DATA BLOCK:
++++

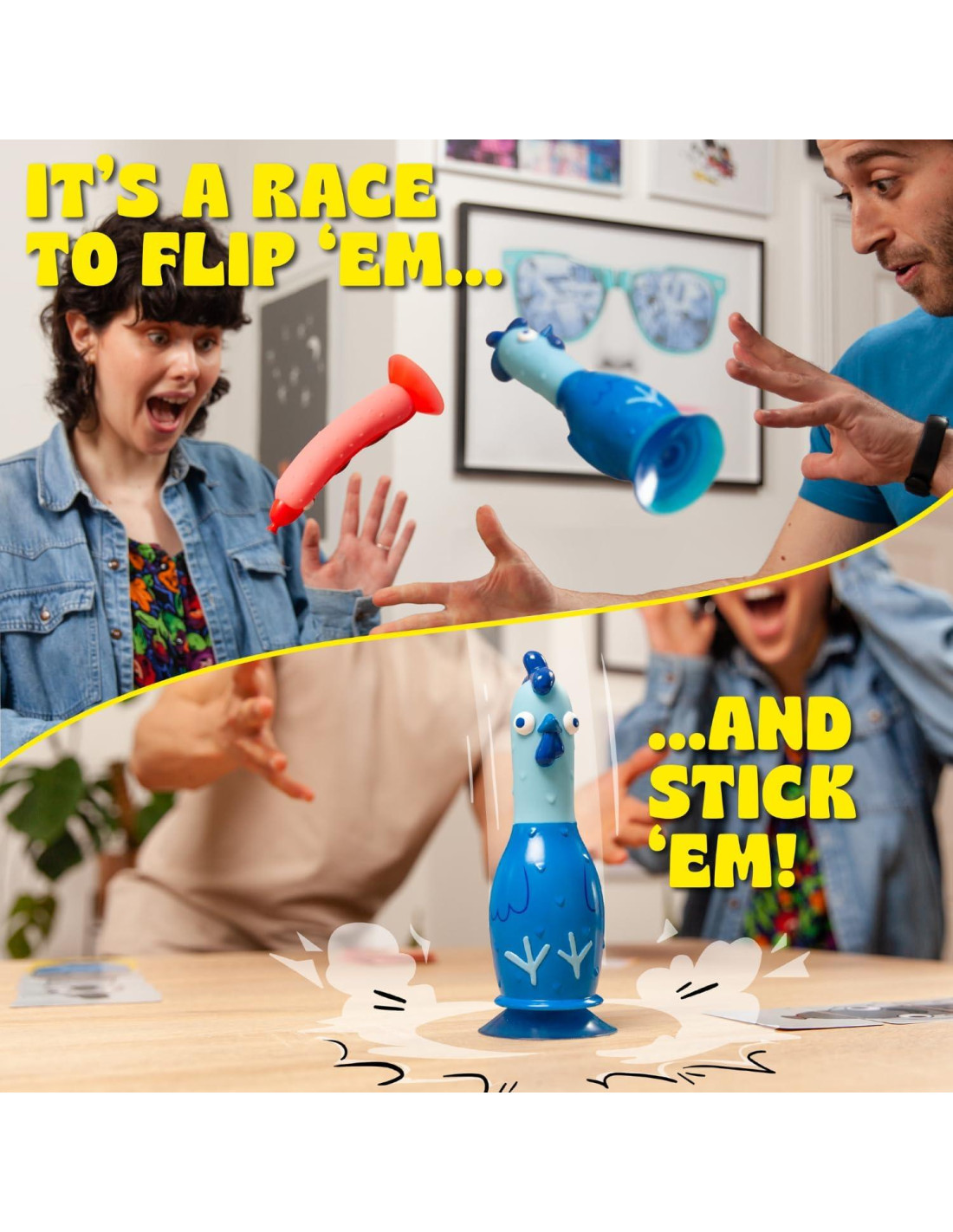 - ¡ES BRILLANTE COMO UN POLLO! Un juego familiar divertido y frenético para toda la familia. Solo toma 10 segundos aprenderlo... pero te garantizamos que estarás volteando y pegando durante horas.
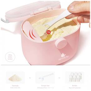 O Dispenser Fórmula Bebê Termichy é um recipiente portátil para armazenar e dosar leite em pó ou lanches para bebês durante viagens ou atividades ao ar livre. Fabricado em PP plástico grau alimentício sem BPA, lavável em lava-louças, cada unidade possui capacidade de 250g ou 500ml e alça para transporte, com design separado para colher e fórmula visando higiene.
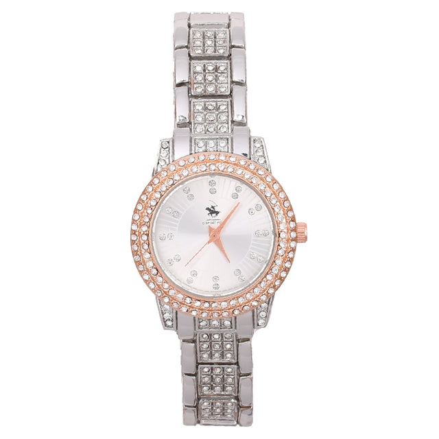 MONTRE POLO P0050 DORE AUX STRASS. CAD DORE, INT ARGENTE.
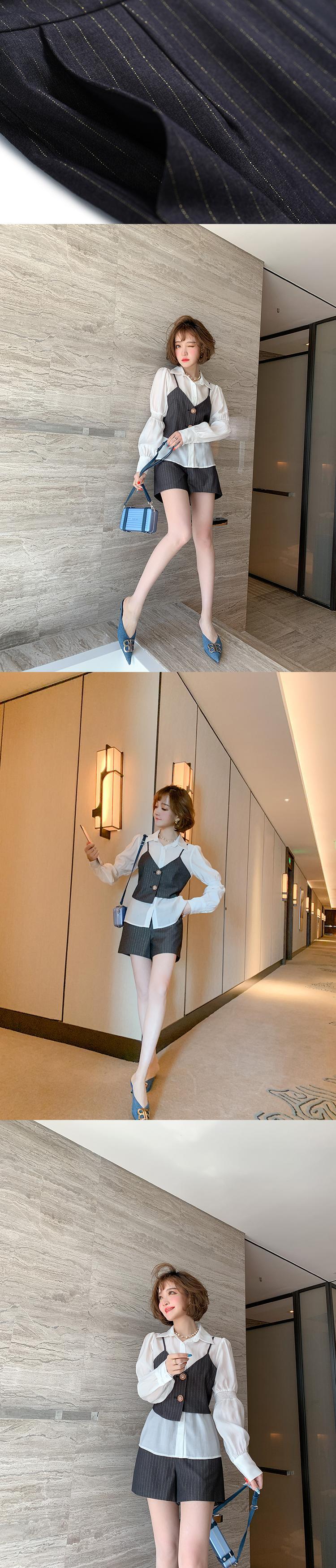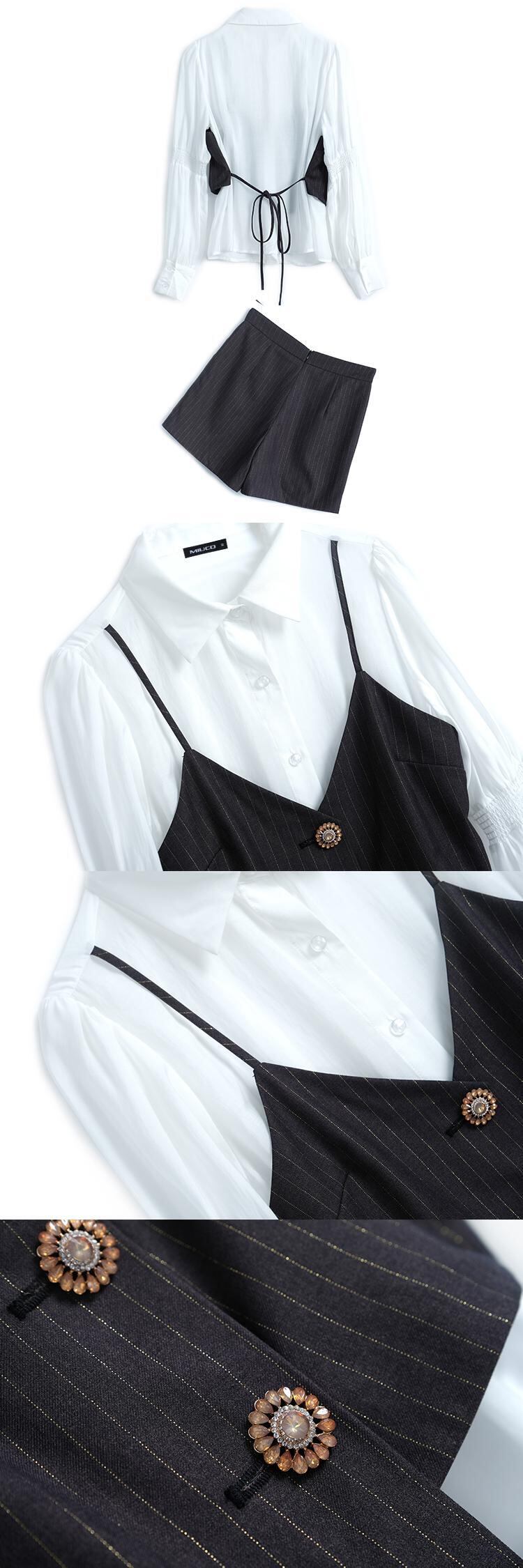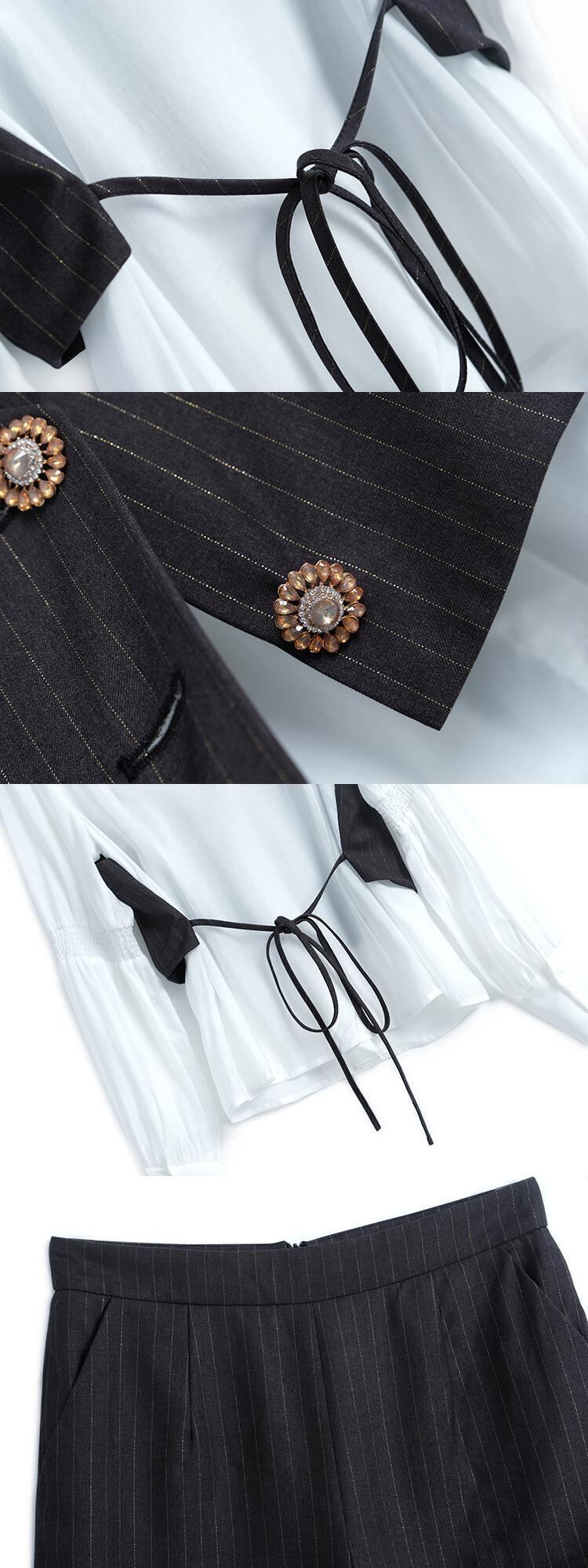 ストライププリーツシャツ ショーツ レディースオータム 秋物 ブルマー ステッチ MIUCO45612207329

++++

Repeat the listing above word for word, omitting the pictures.

ANSWER BOX:
 - ¡ES BRILLANTE COMO UN POLLO! Un juego familiar divertido y frenético para toda la familia. Solo toma 10 segundos aprenderlo... pero te garantizamos que estarás volteando y pegando durante horas.
 O Dispenser Fórmula Bebê Termichy é um recipiente portátil para armazenar e dosar leite em pó ou lanches para bebês durante viagens ou atividades ao ar livre. Fabricado em PP plástico grau alimentício sem BPA, lavável em lava-louças, cada unidade possui capacidade de 250g ou 500ml e alça para transporte, com design separado para colher e fórmula visando higiene.
 MONTRE POLO P0050 DORE AUX STRASS. CAD DORE, INT ARGENTE.
 ストライププリーツシャツ ショーツ レディースオータム 秋物 ブルマー ステッチ MIUCO45612207329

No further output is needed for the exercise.